What's the list price on the 150? 

That's a good lookin saw. Congrats. That's a great 2 saw combo


----------



## FireBones (Mar 22, 2013)

DexterDay said:


> Nice... MS-150 tc? I guess I haven't payed attention at my dealer lately?
> 
> What's the list price on the 150?
> 
> That's a good lookin saw. Congrats. That's a great 2 saw combo


Yeah it's a 150TC, list in Canada is around $500. I think the 362 will see good periods of rest now! With this saw you just feel like cutting non stop. It's power to weight ratio is truly amazing.


----------



## Bret Chase (Mar 22, 2013)

I'd love to have a tophandle saw for limbing...  I *had* a couple mcolluch top handles that came with my house... but they were seized and beyond hope... so they went to the scrap yard....


----------



## FireBones (Mar 22, 2013)

Bret Chase said:


> I'd love to have a tophandle saw for limbing...  I *had* a couple mcolluch top handles that came with my house... but they were seized and beyond hope... so they went to the scrap yard....

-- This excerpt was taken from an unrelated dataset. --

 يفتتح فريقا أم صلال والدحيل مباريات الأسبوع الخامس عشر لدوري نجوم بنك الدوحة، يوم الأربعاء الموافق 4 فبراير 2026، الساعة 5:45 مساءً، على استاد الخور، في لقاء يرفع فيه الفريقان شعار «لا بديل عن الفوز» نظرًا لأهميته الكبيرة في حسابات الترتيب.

I tossed the idea around for the last month wether to get one or not....it really is worth every penny. Expensive indeed but after a couple hours of cutting it was evident how productivity was greatly increased and fatigue is a non issue all together.


----------



## Boog (Mar 22, 2013)

Nice addition to the family there FireBones.  I love my old top handle too, just put a new oil pump in it today!  As you've seen, they work great on the ground too, not just for pro arborists up in a tree!


----------



## fabsroman (Mar 22, 2013)

Yeah, I have been kicking around a new lightweight chainsaw for limbing and smaller stuff. Turns out the 150c-e is the rear handle version. Been debating between the 192c-e and 201c-e. Doesn't look like the MS150 is available in the US yet since it isn't on the website. Think I am going to end up with the MS201c-e at some point in the future. $500 versus $650, what a dilemma.


----------



## mikefrommaine (Mar 23, 2013)

FireBones said:


> I'm wasting far less of those limbs to boot


 

That's a great way to justify a new saw. Honey, I'll be able to cut smaller limbs with this saw. It will pay for itself in just a few trees. 

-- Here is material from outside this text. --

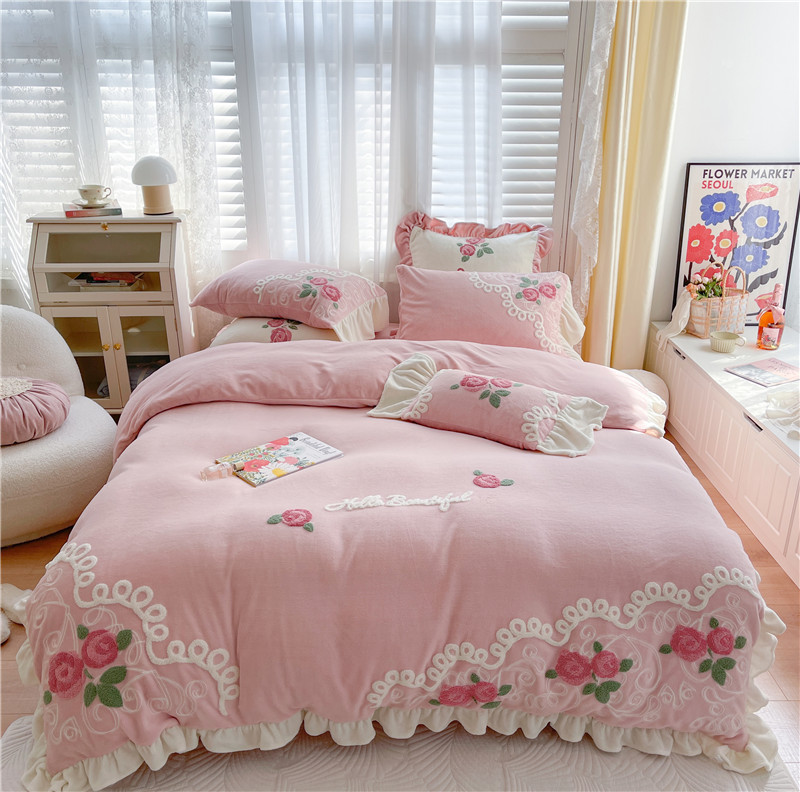 (总)星野 2021新款高克重全消光牛奶绒四件套-水漾玫瑰

Though for me at least its true. The smaller the saw the smaller the limbs that make it into the firewood pile.


----------



## FireBones (Mar 23, 2013)

Boog Powell said:


> Nice addition to the family there FireBones.  I love my old top handle too, just put a new oil pump in it today!  As you've seen, they work great on the ground too, not just for pro arborists up in a tree!



You're absolutely correct! They work just fine on the ground


----------



## FireBones (Mar 23, 2013)

fabsroman said:


> Yeah, I have been kicking around a new lightweight chainsaw for limbing and smaller stuff. Turns out the 150c-e is the rear handle version. Been debating between the 192c-e and 201c-e. Doesn't look like the MS150 is available in the US yet since it isn't on the website. Think I am going to end up with the MS201c-e at some point in the future. $500 versus $650, what a dilemma.

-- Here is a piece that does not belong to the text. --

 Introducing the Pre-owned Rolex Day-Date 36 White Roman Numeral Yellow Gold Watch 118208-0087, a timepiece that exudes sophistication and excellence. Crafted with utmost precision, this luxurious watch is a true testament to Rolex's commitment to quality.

Decisions, decisions ehh! That 201 C-E looks like a great saw! You won't be disappointed with that new light saw.


----------



## FireBones (Mar 23, 2013)

mikefrommaine said:


> That's a great way to justify a new saw. Honey, I'll be able to cut smaller limbs with this saw. It will pay for itself in just a few trees.
> 
> Though for me at least its true. The smaller the saw the smaller the limbs that make it into the firewood pile.



Lol justification remarks are always the icing on the cake around here. " I need it because it's  a lot safer " "I can collect more wood" " It uses far less fuel" "it's a lot quieter, and won't scare the cattle "


----------



## smokinj (Mar 23, 2013)

I really like the 192t seems there a new version of it.....Looks good happy sawing!


----------



## MasterMech (Mar 23, 2013)

FireBones said:


> So I got a pretty sweet price on my new MS150TC with a 12" bar.


 
Wold you mind posting a ball park (or USA list price) of what the saw goes for?  Is it in the $300 range like the MS192T? 



FireBones said:


> Yeah it's a 150TC, list in Canada is around $500.


 
Canadian pricing is sometimes way off US.  Especially if you want a Husky.



smokinj said:


> I really like the 192t seems there a new version of it.....Looks good happy sawing!


 
I'm guessing this is the EPA friendly replacement for the MS192T.



Boog Powell said:


> Nice addition to the family there FireBones. I love my old top handle too, just put a new oil pump in it today! As you've seen, they work great on the ground too, not just for pro arborists up in a tree!


 


FireBones said:


> You're absolutely correct! They work just fine on the ground


 
I still like a rear handle on the ground, they make the same saws with the rear handle. Safer and more comfortable for me.


----------



## smokinj (Mar 23, 2013)

Milling with the 192t


----------



## Backwoods Savage (Mar 23, 2013)

I toyed with the idea of a top handle but went with the regular 180 and love it.


----------



## FireBones (Mar 23, 2013)

Backwoods Savage said:


> I toyed with the idea of a top handle but went with the regular 180 and love it.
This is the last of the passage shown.